Child Abuse and Neglect

The considerable overlap between welfare and child welfare service populations is well documented. Children from welfare families account for as much as 45 percent of those served by the child welfare system (American Humane Association, 1984). The strong association between welfare and child maltreatment may be due to a number of factors, including the stresses associated with poverty, the existence of concurrent risk factors such as mental illness and illicit drugs, and welfare recipients' more frequent contact with public authorities (Coulton et al., 1995; Gelles, 1992; Gil, 1971; Giovannoni and Billingsley, 1970; Wolock and Magura, 1996; Zuravin and DiBlasio, 1996).

Given the documented association between welfare and child maltreatment, a number of authors have reflected on the possible impacts of welfare reform on child welfare (Aber et al., 1995; Haskins, 1995; Meezan and Giovannoni, 1995; Wilson et al., 1995; Zaslow et al., 1995).

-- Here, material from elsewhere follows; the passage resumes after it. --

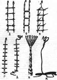 Рутинной обыденностью любого лазутчика были всевозможные подъемы и спуски, и, чтобы не терять на это силы и время, ниндзя, пораскинув умом, разработали множество конструкций портативных лестниц (басиго), изготовляемых из дерева, бамбука или веревок в самых различных их сочетаниях (рис. 63). В одном случае это было сборное изделие, состоящее из двух бамбуковых шестов с металлическими кольцами, куда при сборке вставляли бамбуковые перекладины (рис. 63а). Иногда боковые опоры составлялись из полых кусков бамбука, а вся конструкция скреплялась прочной веревкой, пропущенной внутри бамбуковых трубок (рис. 636). В еще одном варианте вместо шестов использовали веревки с петлями, на которых свободно вращались металлические усы, загоняемые в щели стены и предохраняющие лестницу от раскачивания (рис. 63в). Неплохим приспособление был дубовый шест длиной за два метра с большим зацепляющим крюком и металлическими поперечинами (рис. 63г), хотя чаще применялась сходная, но складная конструкция, состоящая из кусков бамбука, скрепленных внутри крепкой веревкой (рис. 63д). Любопытную модель представляли телескопические грабли синоби-ку-мадэ (рис. 63е), зубцами которых можно было зацепиться за край преграды и по черенку взобраться наверх. В сложенном состоянии такой инструмент имел длину около полуметра, а будучи раздвинутым, позволял преодолеть стены высотой до пяти метров.

Essentially all conclude that efforts to induce welfare mothers to self-sufficiency may impact rates of child maltreatment. Again, whether this impact is positive or negative depends in part on what effect reforms have on family income, parental stress, and access to services (Collins and Aber, 1996). For example, loss of benefits or other income supports such as Supplemental Security Income may strain a family's abilities to provide basic necessities such as food and shelter, causing increased neglect and homelessness, even abandonment (Collins, 1997; Knitzer and Bernard, 1997; Shook, 1998). Increased parental stress related to economic, employment, or childcare difficulties may also lead to increased rates of abuse (Knitzer and Bernard, 1997; Meezan and Giovannoni, 1995).

In contrast, positive changes in these areas may be favorable to children and families. For example, rates of abuse and neglect may decline if reforms reduce family's economic hardship. Additionally, gainful employment might improve the mental health of single mothers thereby decreasing the risk of child maltreatment (Garfinkel and McLanahan, 1986). Better access to mental health and drug services also might have similar effects. In addition to impacting the actual rates of maltreatment, the increased scrutiny by public authorities faced by TANF participants and their families might result in greater detection of previously unreported abuse and neglect. Whether positive or negative, these changes likely will be reflected in the number and types of maltreatment reports, the number of case investigations and substantiations, and the number of children placed in foster care.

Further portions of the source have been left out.